Section 247(3) of the City of Winnipeg Charter sets out the criteria for approving a variance with respect to a property. The thrust of the Applicant’s argument was that it was not sufficient for the Appeal Committee to simply state that the applicable criteria had not been met without it being clear on the record what the decision-making process was and the reasons for arriving at the decision.

Upon a review of the transcript the Court was satisfied that the Appeal Committee properly considered the appropriate criteria that governs its considerations and applied them to the decision. The Court found that the Appeal Committee, while clearly being aware of other matters of concern that had been raised by the area residents, restricted its ultimate decision to the municipal purposes contained within the identified criteria in section 247(3). To find otherwise would set an impossibly high standard for a process that involved participation by the public and would mean the Committee’s decision would be invalidated at the mere mention of matters falling outside the criteria. While it was always preferable to have clear and cogent reasons for any decision, to hold the Appeal Committee to the same standard as a Court of law would also be unrealistic and impractical. There was no basis to find in this case that a manifest injustice had occurred, or that the decision was arbitrary, oppressive or improper. As such, the Court held that the Appeal Committee did not err in its interpretation of the criteria set out in section 247(3) of the City of Winnipeg Charter.

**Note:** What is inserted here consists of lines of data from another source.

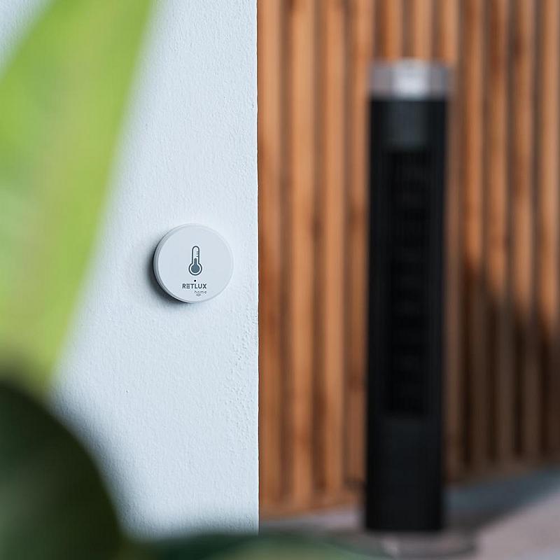 Smart senzor Retlux pro měření teploty a vlhkosti.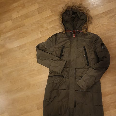 Puolipitkä talvitakki. Suhteellisen ohut, ei koville pakkasille. Tosi siisti. Edessä vetoketju ja nepparit. Sivutaskut vetoketjuilla.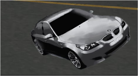 この作業は、濃さの調整や場所によって色を変えたり、それっぽくなるように書き込み。今度は、この出来上がった路面画像に、車の絵を合成します。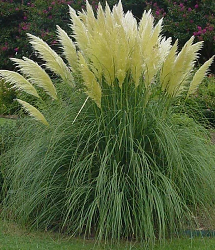 The White Pampas Grass is a superb specimen ornamental grass plant. This superb variety gives you large white fluffy flowers or plumes on tall stems approx 6-8ft tall and can spread to approx 5-6ft wide, perfect for growing as a specimen in the lawn or for using as a focal point in the border, can also be container grown on the patio. It will grow in any garden in full sun or semi-shade. You will receive 1 good size plant growing in a 3 litre pot.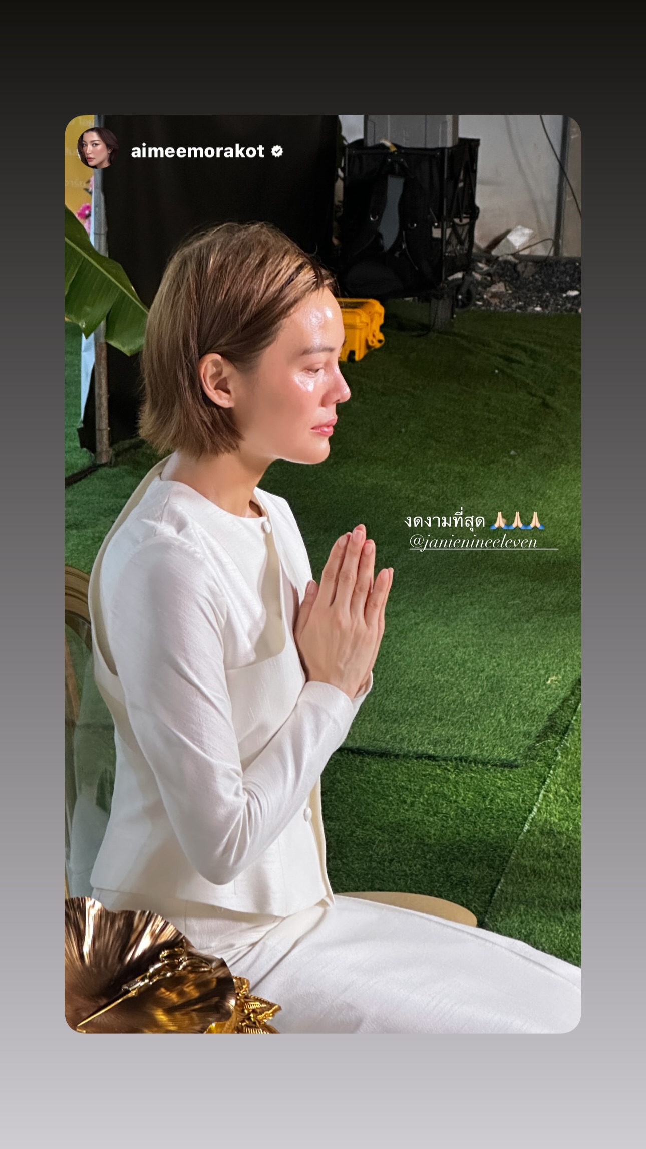 จากนั้น เจนี่ ได้เข้าพิธีอุปสมบทและทำโปรยทานในชุดขาว ต้องบอกว่าเป็นภาพที่งดงามมากที่สุด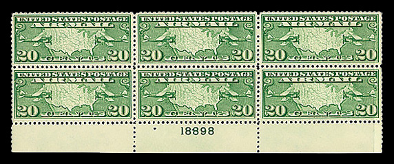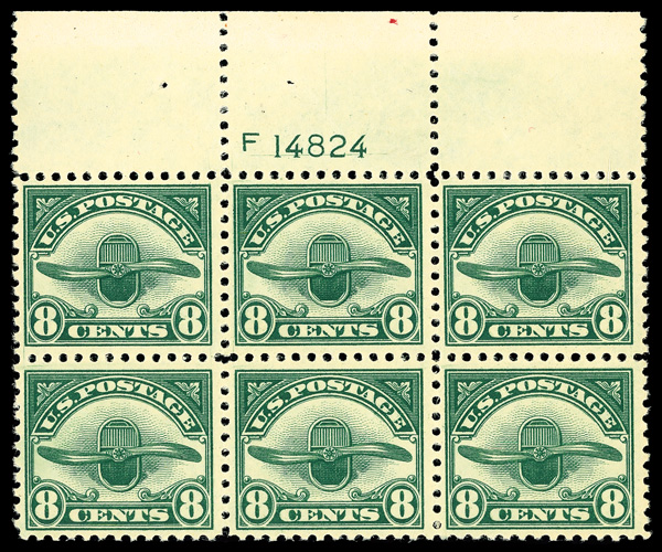 6756 nhbl C4 imageAirmail, 1923, 8¢ dark green (Scott C4), top margin plate block of 6 with plate number F 14824, Balanced color strength, o.g., never hinged, Fine to Very Fine.
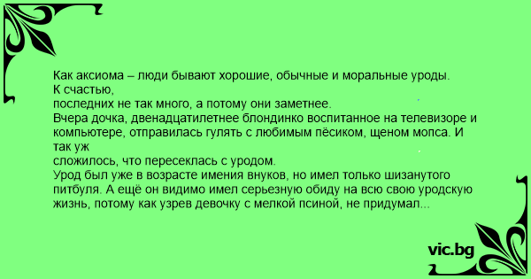 Как аксиома – люди бывают хорошие, обычные и моральные уроды. К счастью, последних не так много, а потому они заметнее. Вчера дочка, двенадцатилетнее блондинко воспитанное на телевизоре и компьютере, отправилась гулять с любимым пёсиком, щеном мопса. И так уж сложилось, что пересеклась с уродом. Урод был уже в возрасте имения внуков, но имел только шизанутого питбуля. А ещё он видимо имел серьезную обиду на всю свою уродскую жизнь, потому как узрев девочку с мелкой псиной, не придумал лучшего способа мести. Да, да. Натравил. Ммм… что сказать… после того, что было ПОТОМ, я так думаю, на жизнь он обиделся ещё больше. Потому как «двенадцатилетнее блондинко воспитанное на телевизоре» моментально просекло потенциальную опасность и… …подхватив любимца подмышку… …моментально оказавшись позади урода… … цапнула его одной рукой за капюшон, а другой за брючный ремень. И принялась прикрываться уродом как щитом от его же бешеной собаки!!! Тупая псина ОБОЙТИ к нашему счастью не догадалась, а попыталась ПРОГРЫЗТЬСЯ. В смысле сквозь хозяина. Дочка под эту марку оперативно катапультировалась. И, что характерно, дома о происшествии молчала как партизан. Соседи просветили. На вопрос – почему сразу не сказала, ответила. Ответ меня убил. - Ну во-первых, опять начнете говорить, что от Арчика все проблемы, во-вторых, этот крокодил своими зубищами мне вот только руку немножко ушиб, а в третьих – вы бы видели этого задрота. В СУД НА ТАКОГО ПОДАВАТЬ – СМЫСЛА НЕТ!!!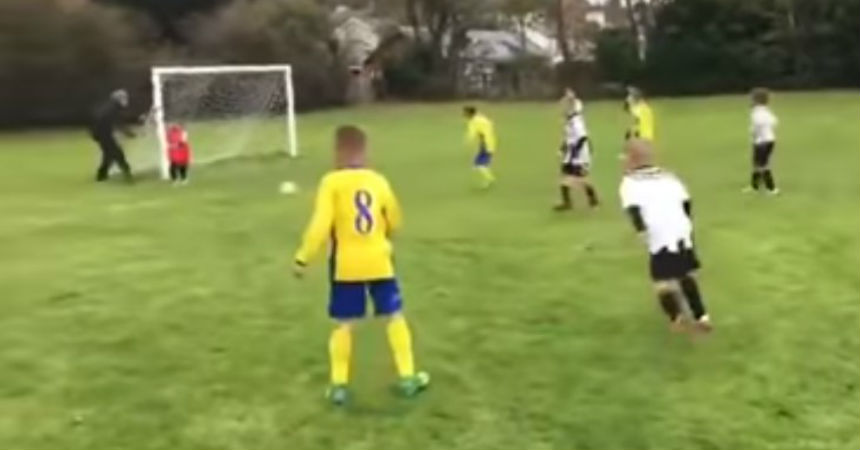 El sujeto ya ha sido calificado como "el padre del año" por su actitud. En las imágenes se ve al papá del niño arquero, del equipo Sub 8 de Bow Street FC, que participa en la liga del centro de Gales. El rival remata al arco y el niño distraído no atiende el remate hasta que su padre literalmente lo lanza sobre el suelo para rechazar el balón.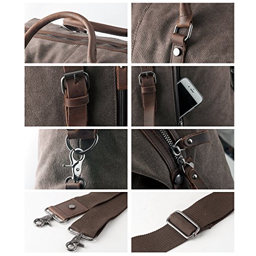 ★ STRUTTURA - Mens borsone in pelle tela progettato con uno scomparto principale che può detiene un computer portatile, iPad, notebook e vestiti, una piccola tasca frontale, una cerniera divisorio interno, una con zip parete tasca interna e due slot aperti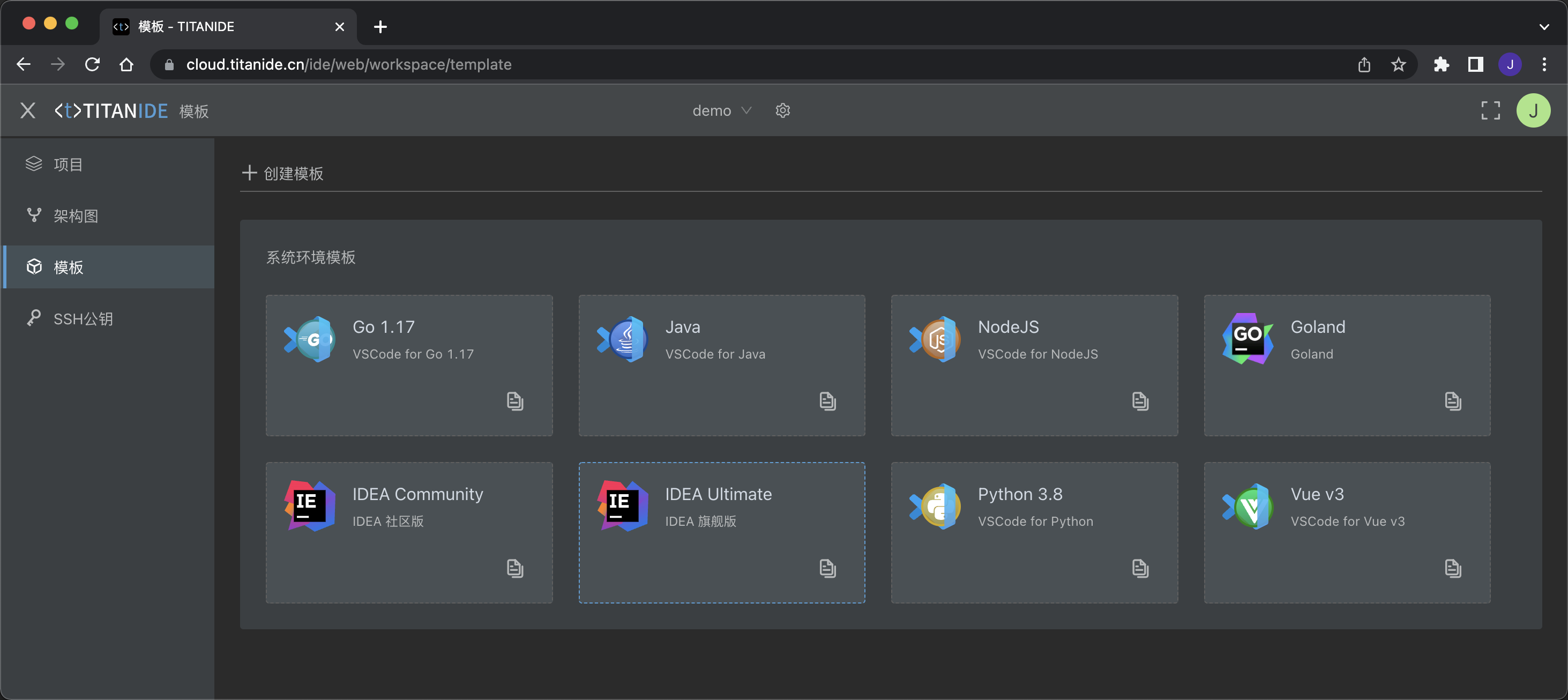 选择相应的开发环境模板, 这里选择了 IDEA Ultimate 模板,如果您没有 License,可以选择 IDEA Ultimate 或 VS Code Java 模板。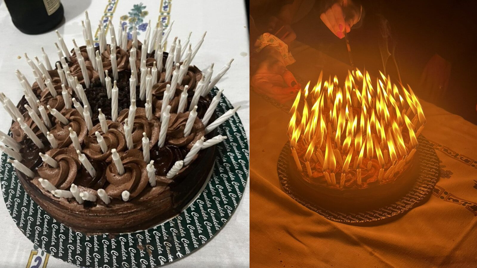 จากวิดีโอ บนโต๊ะมีเค้กช็อกโกแลตก้อนหนี่งเต็มไปด้วยเทียน 95 เล่ม หลังจากจุดเทียนทั้งหมดแล้ว เค้กก็ดูเหมือนเต็มไปด้วยแสงไฟอลังการ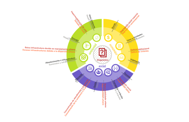 Objetivando ter maior entendimento de como deveria ser criada essa nova área urbana – um bairro periférico – o diagnóstico analisa três eixos: ambiental, econômico e social.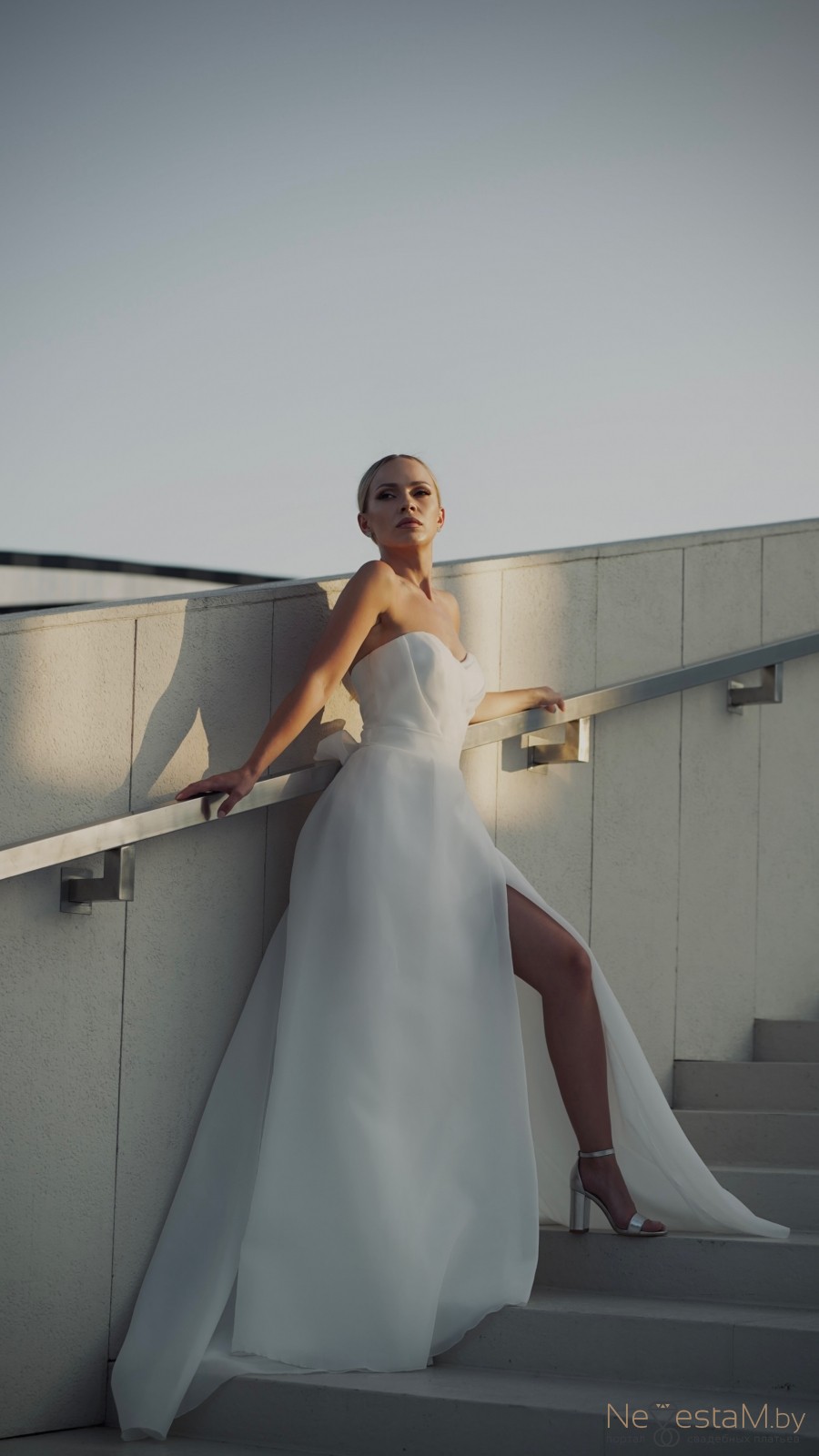 Скидка на покупку 50%. Воздушное свадебное платье из благородной органзы. Съемные рукава буфы или спущенные плечики отдельно. Размер - 42-44-46. _________________________ Больше моделей в нашем профиле в инстаграм.

With respect to whether the Appeal Committee acted in bad faith, the Court noted that the onus of establishing that bad faith existed fell on the person alleging it. Supposition and suspicion were no substitutes for evidence. The Court found that nothing in the evidence demonstrated that the Appeal Committee was substantially influenced in reaching its conclusion by improper or irrelevant considerations to warrant curial interference and a finding of bad faith.

The Court then considered the Applicant’s argument that the Appeal Committee failed to comply with the principles of procedural fairness by allowing a city councillor to be present at the hearing and make submissions in support of the appeal when he was not a party to the proceedings nor a member of the Appeal Committee. The Court noted that nothing in the City’s bylaws prohibited this person from participating in the appeal as he did. Nothing on the record remotely suggested that others were not afforded an opportunity to speak. The Court held that a flexible approach should be taken in such cases, recognizing that the test of reasonable apprehension of prejudgment was too stringent and could not have been intended by the legislature to apply to municipal councillors. There was nothing inherent in councillors’ hybrid functions that made it mandatory or desirable to excuse them from the requirement that they refrain from dealing with matters in respect of which they have either a personal or other interest. Where such an interest is found, both at common law and by statute a member of council is disqualified if the interest is so related to the exercise of public duty that a reasonably well informed person would conclude that it might influence the exercise of that duty. Adopting that approach, the Court found no basis on which the Councillor’s participation should vitiate the Appeal Committee’s decision. The Applicant therefore had not demonstrated that the Appeal Committee failed to observe the rules of natural justice and, in particular, its duty to be fair.

The application was therefore dismissed.